Top of Listed entries

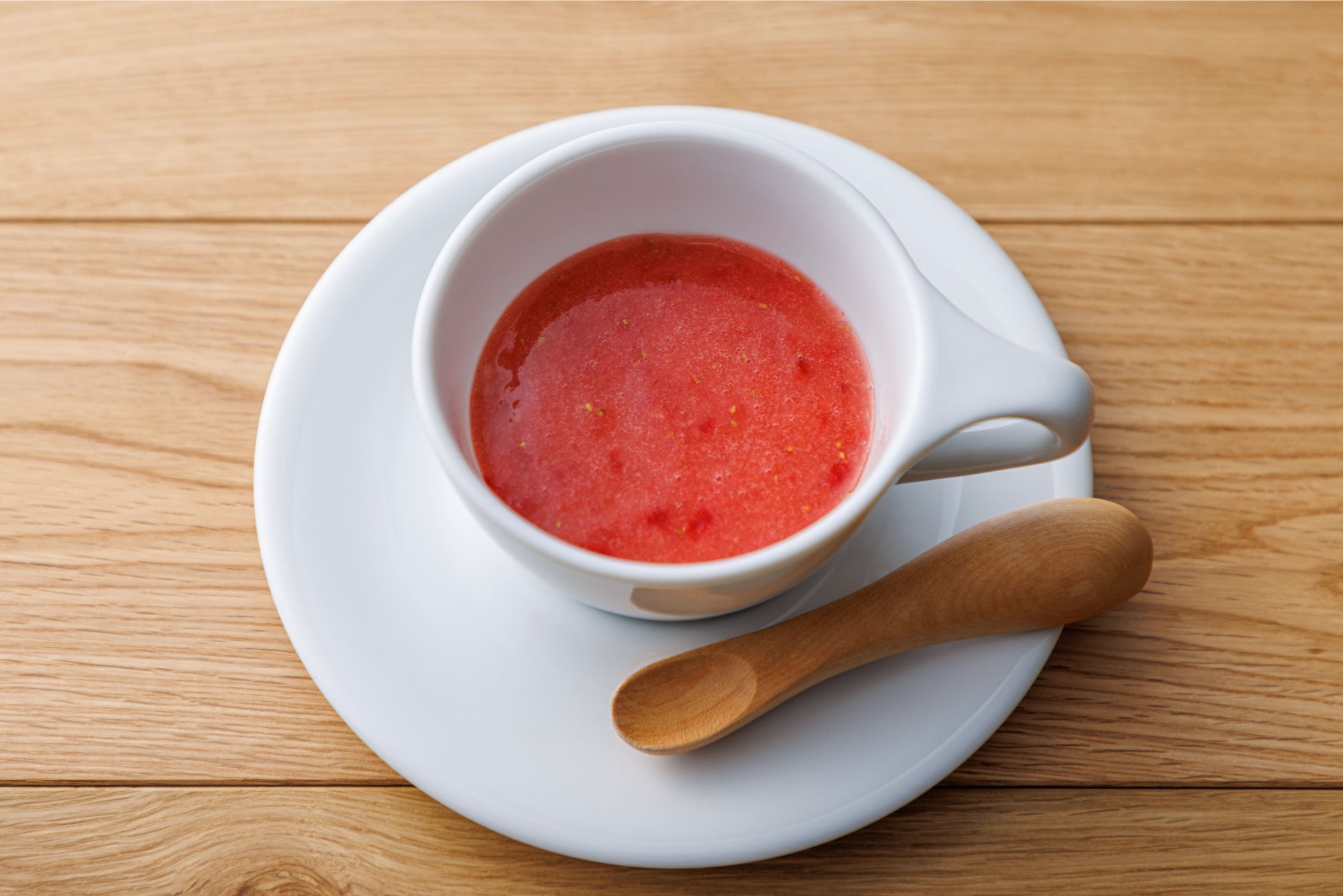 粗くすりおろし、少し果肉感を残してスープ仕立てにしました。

Bottom of Listed entries
Top of Listed entries

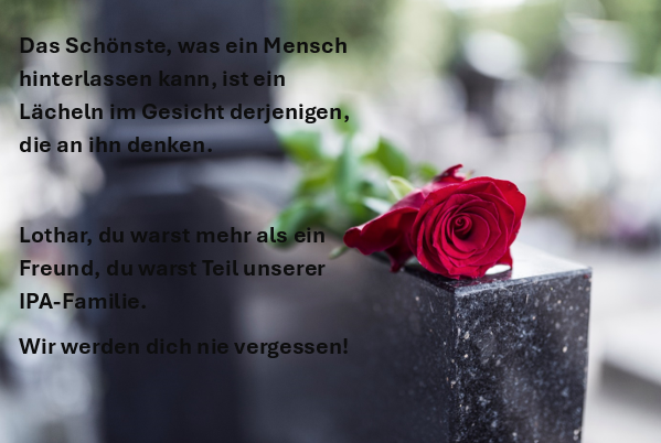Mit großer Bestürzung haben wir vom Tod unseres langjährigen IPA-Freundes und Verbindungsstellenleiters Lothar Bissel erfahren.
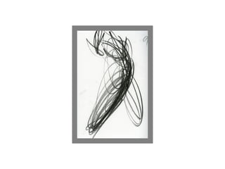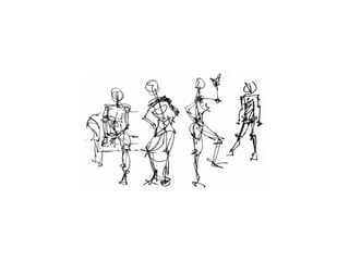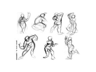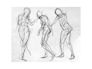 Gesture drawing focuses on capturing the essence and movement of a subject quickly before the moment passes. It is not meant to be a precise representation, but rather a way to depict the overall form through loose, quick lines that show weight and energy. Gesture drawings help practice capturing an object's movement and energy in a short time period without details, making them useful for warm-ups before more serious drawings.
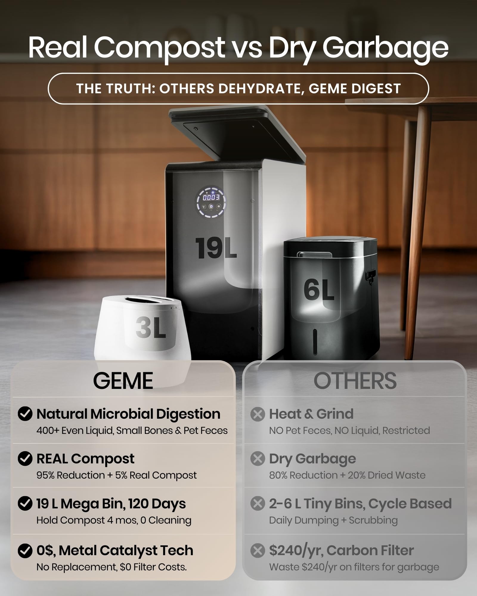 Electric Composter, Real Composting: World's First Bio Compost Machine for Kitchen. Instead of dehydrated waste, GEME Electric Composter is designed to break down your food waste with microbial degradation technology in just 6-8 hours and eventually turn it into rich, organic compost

Bottom of Listed entries
Top of Listed entries

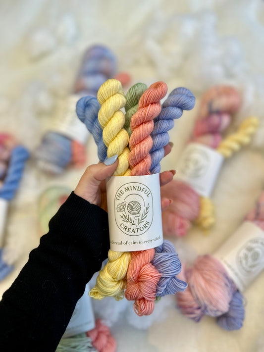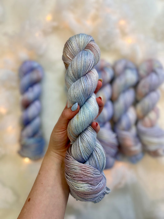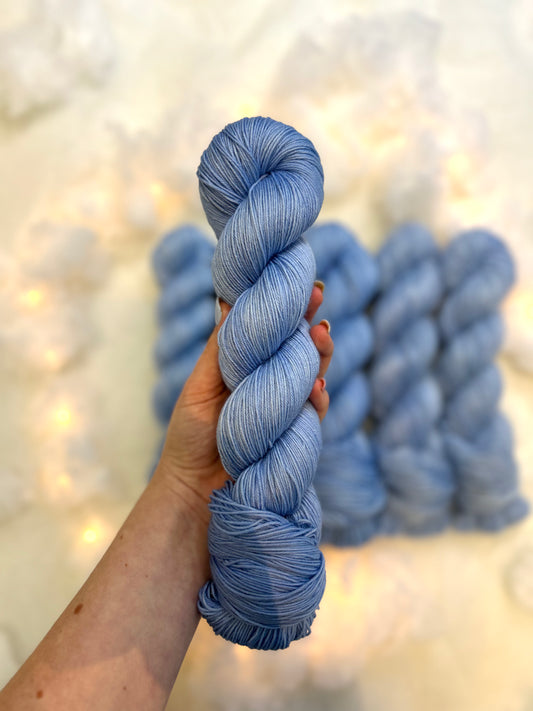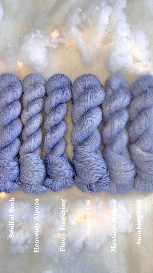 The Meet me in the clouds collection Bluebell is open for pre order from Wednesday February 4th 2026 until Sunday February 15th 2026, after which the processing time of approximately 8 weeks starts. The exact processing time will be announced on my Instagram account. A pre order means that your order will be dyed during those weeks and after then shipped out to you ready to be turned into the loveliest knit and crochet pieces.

Bottom of Listed entries

Set the pictures aside and transcribe exactly the stretch of lines above, beginning with the one holding "Gesture drawing focuses" and ending with the one holding "Electric Composter, Real".

 Gesture drawing focuses on capturing the essence and movement of a subject quickly before the moment passes. It is not meant to be a precise representation, but rather a way to depict the overall form through loose, quick lines that show weight and energy. Gesture drawings help practice capturing an object's movement and energy in a short time period without details, making them useful for warm-ups before more serious drawings.
 Electric Composter, Real Composting: World's First Bio Compost Machine for Kitchen. Instead of dehydrated waste, GEME Electric Composter is designed to break down your food waste with microbial degradation technology in just 6-8 hours and eventually turn it into rich, organic compost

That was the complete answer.